Consider the Epanechnikov kernel given by
$$f_e(x)=\frac{3}{4}\left( 1-x^2 \right)$$
According to Devroye and Gyorfi's "Nonparametric Density Estimation: The $L_1$ View", to generate a sample of a distribution having $f_e$ as its density function we can use the following method (see p.236):


*

*Generate iid $U_1$,$U_2$,$U_3$ ~ Uniform(-1,1).

*If $\left| U_3\right| \geq \left| U_2\right|$ and $\left| U_3\right| \geq \left| U_1\right|$, deliver $U_2$; otherwise deliver $U_3$.


I have to prove this works. I thought this was related to either the acceptance-rejection method or maybe order statistics. I have spent a fair bit of time trying both approaches but I am stuck.
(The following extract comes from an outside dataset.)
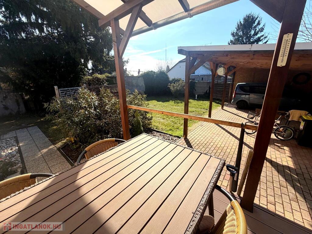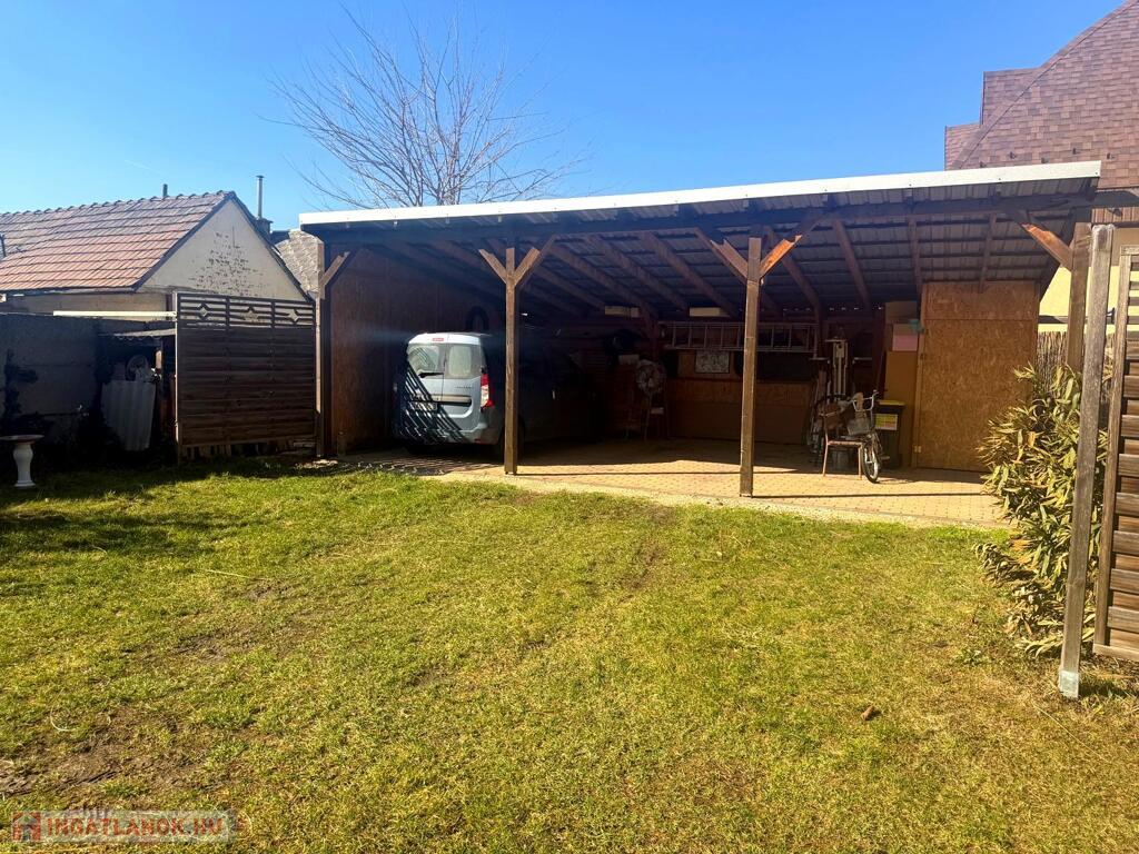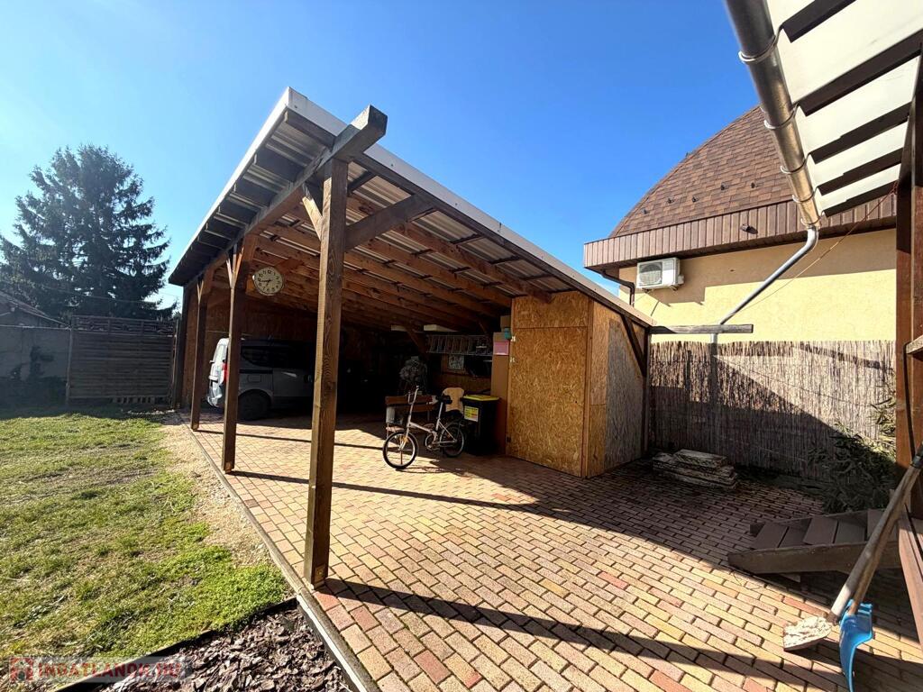 A 445 m²-es telek élhető méretű, könnyen karbantartható, rendezett és körbekerített. Egy kétállásos fedett kocsibeálló és egy kerti tároló tovább növeli a praktikumot, a részben térkövezett beálló pedig kényelmes parkolást biztosít.

Any pointers will be greatly appreciated.
 A: Consider this alternative description of the same algorithm:


*

*Generate iid $X_1, X_2, X_3$ with Uniform$(0,1)$ distributions.

*Select one of the two smallest of the $X_i$ at random, with equal probability.  Call this value $X$.

*Randomly negate $X$ with probability $1/2$.
Parts (1) and (3) reflect the fact that a Uniform$(-1,1)$ variate is the random negation of a Uniform$(0,1)$ variate.  Part (2) is a restatement of step (2) in the question.
It comes down to computing the distribution of $X$.  To this end, let $0 \le t \le 1$.  The event that $X \le t$ decomposes into two disjoint possibilities:


*

*At least two of the $X_i$ lie in $[0, t]$, guaranteeing that $X$ (which must be among them) will lie in $[0, t]$.  This is a binomial probability given by  $$\binom{3}{2}t^2(1-t) + \binom{3}{3}t^3 = t^2(3-2t).$$

*Exactly one of the $X_i$ lies in $[0, t]$ and it is the one randomly chosen.  The random choice multiplies the chance (another binomial probability) by $1/2$, giving $$\binom{3}{1}t(1-t)^2 \times \frac{1}{2} = \frac{3}{2}t(1-t)^2.$$
Therefore the distribution function is
$$F(t) = t^2(3-2t) + \frac{3}{2}t(1-t)^2 = \frac{3}{2} t - \frac{1}{2}t^3,$$
whence the density function is
$$f(t) = F^\prime(t) = \frac{3}{2}(1 - t^2).$$

The blue shaded area represents $f$ while the red shaded area shows how it is extended symmetrically about $0$ to define a distribution supported on the interval $[-1,1]$ with density $f_e = \frac{1}{2}f$.
Extending $f$ to the domain $[-1,1]$ by symmetry (which is what part (3) does) will not change its functional form (which is already symmetric about $0$, since $(-t)^2 = t^2$) but must halve the height to maintain its normalization, whence
$$f_e(t) = \frac{1}{2}\left(\frac{3}{2}(1 - t^2)\right) = \frac{3}{4}(1-t^2).$$

By the way, a simpler way to generate such a sample is to take the median of three iid Uniform$(0,2)$ variates.  Here's R code:
n <- 1e5
x <- apply(matrix(runif(3*n, -1, 1), 3), 2, median)

(It takes two or three seconds to generate 100,000 values.)  Comparing the histogram of this sample to the kernel confirms its accuracy:

A: Although it only is a too long comment that comes a day late and a dollar short, my explanation, which is highly related to the more detailed and to the point answer by whuber, is that the outcome of Devroye's algorithm with those three uniforms is indeed distributed from the mixture of the distributions of the first order statistic and of the second order statistic for three uniforms on (0,1), since it is not the third order statistic,$$f^*(u)=\frac{1}{2}f_{(1:3)}(u)+\frac{1}{2}f_{(2:3)}(u)$$Given that the generic density for an order statistic is$$f_{(k:n)}(x)=(k-1)!(n-k-1)!\,F(x)^{k-1}\,(1-F(x))^{n-k-1}(x)\,f(x),$$we get$$f^*(u)=\frac{1}{2} 3(1-x)^2 + \frac{1}{2} 6x(1-x)=\frac{3}{2}-\frac{3x^2}{2}$$